Connections February 2010 PDF

Fair Comment 

TIME FOR RADICAL CHANGE IN TEACHER EDUCATION

By Professor Bob Moon

In many parts of the world, the supply, retention, education and training of teachers is verging on crisis. This is true almost everywhere. In the USA, around half of all high school subjects are taught by non-specialists (in Mathematics and Science the figures are even higher). California has had to introduce special programmes for unqualified elementary teachers. In the developing world, the crisis is more acute. In Sub-Saharan Africa, it is estimated that around half of all primary, basic education teachers are unqualified or significantly underqualified. Thousands of schools are staffed by volunteer, contract teachers. The situation is so desperate that some countries have made teaching an alternative to military service. The description “teacher” now has a very wide meaning.

The crisis around the supply and retention of teachers is complex; equally so their training. But one thing is clear: there is absolutely no way the “bricks and mortar” institutions of teacher training created in the last century will be adequate for 21st century needs. In making that assertion, let me be very clear on one point. I am not suggesting there is no place for campus institutions. I am merely making the mathematical observation that the training needs of new and existing teachers far outstrip the capacity of existing institutions.

It follows therefore that new models of training will be needed. And for teachers, this means that their upgrading and continuing professional needs must be met by school-based programmes. It also means the urgent necessity of a radical shift in policy to embrace a significantly more diversified framework for education and training.

Yet this policy shift is so slow in coming. In country after country, particularly in Sub-Saharan Africa, the vast majority of resources are going to campus, residential training programmes extending for up to three or four years, whilst unqualified teachers flood into the classrooms and existing teachers have little or no opportunities for professional development. Successive UNESCO Education for All Monitoring Reports have commented critically on such an imbalance.

The logic of this situation points to the systematic development of school-based programmes using a variety of open and distance teaching and learning methodologies. And this we are beginning to see. CalState’s Teach in California is a response to the crisis in elementary schools. The U.K. Open University’s flexible postgraduate teacher training programme offers opportunities for mature entrant mathematicians, scientists and modern linguists to train as teachers. The Teacher Education in Sub-Saharan Africa (TESSA) programme (in which COL, under the energetic leadership of Dr. Abdurrahman Umar, is playing a key role) seeks to ambitiously harness international co-operation around open educational resources to provide a high level support system across the continent. UNESCO and the World Bank are recognising the need. The latter has recently published a handbook for the myriad of new course developers (http://tinyurl.com/ODLforTeacherEdAfrica).

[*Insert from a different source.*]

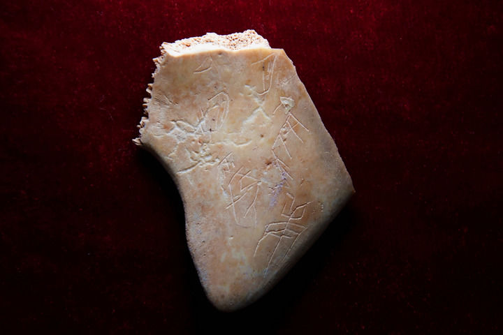 陕西宝鸡周原遗址出土的刻辞甲骨(2025年2月25日摄)。新华社记者 李一博 摄

Despite these initiatives, more needs to be done. I suggest six key strategies:

  • Fully integrate school-based, distance approaches into national training policies: not “bolt-on projects” to deal with crises but fully integrated strategic thinking.
  • Establishing a new, practical, classroom focussed, curriculum for upgrading courses, and for continuing professional development: the biggest problems for distance education courses is when planners try to replicate the organisation of campus-based credit courses.
  • Adapt more formative portfolio assessment systems giving primacy to classroom practice: the dead hand of timed examinations still weighs heavily on many programmes.
  • Model costs in programme design in advance of implementation: problems of sustainability almost always arise when this is not done.
  • Plan for the progressive adaptation of information and communication technology (ICT), especially mobile technologies: too many distance programmes continue to ignore the potential of this.
  • Use media, especially radio, to make training more interesting and stimulating: too much teacher education, quite frankly, is plain boring.

Education and training should be an entitlement for all teachers at all stages of their careers. The research evidence shows that when this entitlement is honoured, learners achieve more and schools improve. Sir John Daniel in his new book, Mega-Schools, Technology and Teachers: Achieving Education for All makes many similar points. We all need to turn up the advocacy volume control.

Professor Bob Moon is Professor of Education at The Open University (UK) and founding Director of the Teacher Education in Sub-Saharan Africa (TESSA) programme.